Pakistan to grant MFN status to India ... eventually

Islamabad agrees to lift several restrictions on imports from India.

BHURBAN:


Pakistan has agreed to eventually grant most-favoured nation (MFN) status to India, making commitments and laying out a bilateral institutional framework designed to remove all hurdles to progress on that goal.


“The logical end of the trade talks would be to gradually grant India most favoured nation status,” said Commerce Secretary Zafar Mahmood. “Pakistan recognised that granting MFN status to India would help in expanding bilateral trade relations and both sides agreed to remove non-tariff barriers and all other restrictive practices.”

At the final day of the fifth round of bilateral trade talks between India and Pakistan, Islamabad agreed to abolish by October its ‘positive list’ of items that it allows India to export and replacing it with a ‘negative’ list of items that will be explicitly prohibited.

Currently, Pakistan has a list of 1,946 items that it allows imports of from India. Moving to a ‘negative’ list would prohibit a specific number of items and permit everything else, expanding the scope of trade with India. New Delhi already has a similar approach, with a ‘sensitive’ list of 850 items that it restricts trade in.

Both countries have also established a joint working group, with specific deadlines and goals to achieve a reduction in non-tariff barriers to trade – such as burdensome regulations, import quotas, etc – and eventually leading up to Pakistan granting MFN status to India.

Pakistan’s historical complaint with India has been the excessive red tape that hinders a free flow of trade. For its part, the Indian delegation, led by Indian Commerce Secretary Rahul Khullar, said that there are no non-tariff barriers to trade specific to Pakistan that they are aware of and that if Pakistani businessmen have any complaints, they should refer them to the joint working group on the matter.


Both sides were keen to delink trade talks from politics. The creation of the joint working group was cited as an indication of the institutionalisation of trade talks.

“This round was much more comprehensive and productive as both countries have created an institutional framework and a clear cut mechanism which will be irreversible,” said Mahmood. He went on to say that trade talks, particularly MFN status for India, was never linked to the Kashmir dispute.

Both countries also expressed the intent to enter into a preferential trade agreement to further facilitate cross-border commercial exchanges. They also agreed to fast-track licensing for bank branches for each other’s banks. However, both sides only issued a joint statement and did not move towards a formal agreement on the matter.

Pakistan has agreed to India’s request to expand the scope of land trade with India and drop its current restrictions by October 2011, when a second gate will be opened on the Wagah-Attari border, including an integrated check-post.
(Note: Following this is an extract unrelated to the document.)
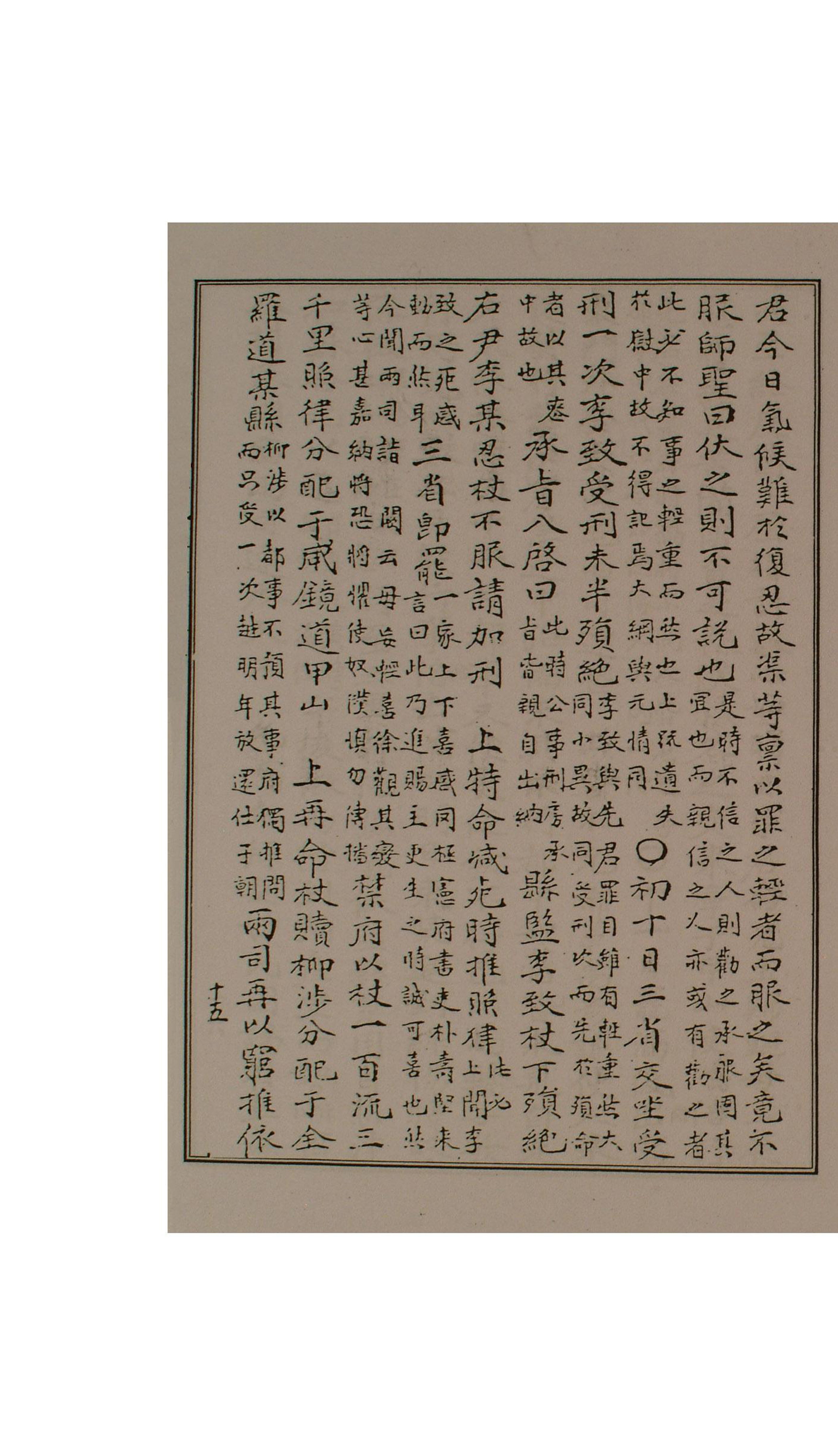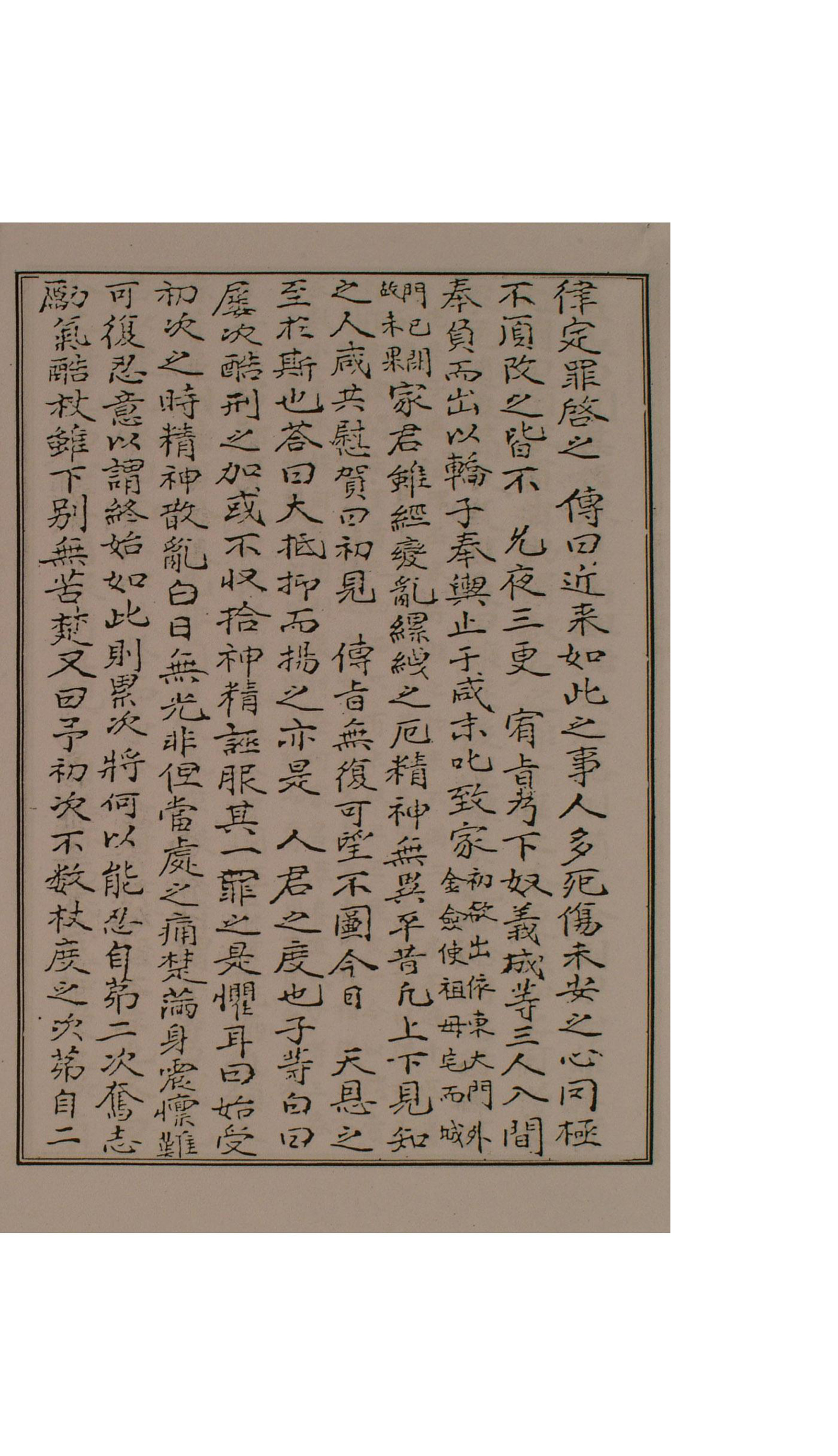 三省交坐。受刑一次。李致受刑未半。殞絶。【李致與先君罪目雖有輕重。然大同小異。故同受刑次而先於殞命者。以其喪中故也。】承旨入啓曰。【此時公事刑房承旨。皆親自出納。】縣監李致。杖下殞絶。右尹李某忍杖不服。請加刑。上特命。減死。時推照律。【此必上聞李致之死。感動而然耳。】三省卽罷。【一家上下。喜感罔極。憲府書吏朴壽堅來言曰。此乃進賜主更生之時。誠可喜也。然今聞兩司詣闕云。毋妄輕喜。徐觀其變等。心甚嘉納。將恐將懼。使奴僕愼勿傳播。】禁府以杖一百流三千里照律分配于咸鏡道甲山。上再命。杖贖柳涉分配于全羅道某縣。【柳涉以都事不預其事。府獨推問而只受一次。越明年。放還。仕于朝。】兩司再以窮推依律定罪啓之。傳曰。近來如此之事。人多死傷。未安之心罔極。不須改之。皆不允。夜三更。宥旨乃下。奴義成等三人入間。奉負而出。以轎子奉輿止于咸末叱致家。【初欲出依東大門外金僉使祖母宅。而城門已閉。故未果。】家君雖經變亂縲絏之厄。精神無異平昔。凡上下見知之人。咸共慰賀曰。初見傳旨。無復可望。不圖今日天恩之至於斯也。答曰。大抵抑而揚之。亦是人君之度也。子等白曰。屢次酷刑之加。或不收拾神精。誣服其一罪之是懼耳。曰。始受初次之時。精神散亂。白日無光。非但當處之痛楚。滿身震懍。難可復忍。意以謂終始如此。則累次將何以能忍。自第二次奮志勵氣。酷杖雖下。別無苦楚。又曰。予初次不數杖。度之次第。自二次至終度。箇箇屈指計數。心如曙日。家君命兄主歸覲母主。展慰憂戀之苦。備留資之糧。俟秋冬之交。來寧于甲山。使㝯倍陪行。【先君在禁府時。禍將不測。人皆危之。李都事曰。我知令公德像。必不爲凶終。】

Customs officials from both sides also agreed to meet more frequently to resolve issued faced by traders.

The joint working group on non-tariff barriers will meet in September, as will another group of technical experts to explore the possibility of Pakistan importing electricity and petroleum products from India. Each of these groups has been created to reduce the level of mistrust between both sides.

Neither side, however, discussed the multilateral issues of trade that have occurred between the two countries. Pakistan was not willing to discuss India’s trade with Afghanistan that passes through Pakistan whereas India was unwilling to discuss its opposition to trade concessions by the European Union to Pakistan.





Published in The Express Tribune, April 29th, 2011.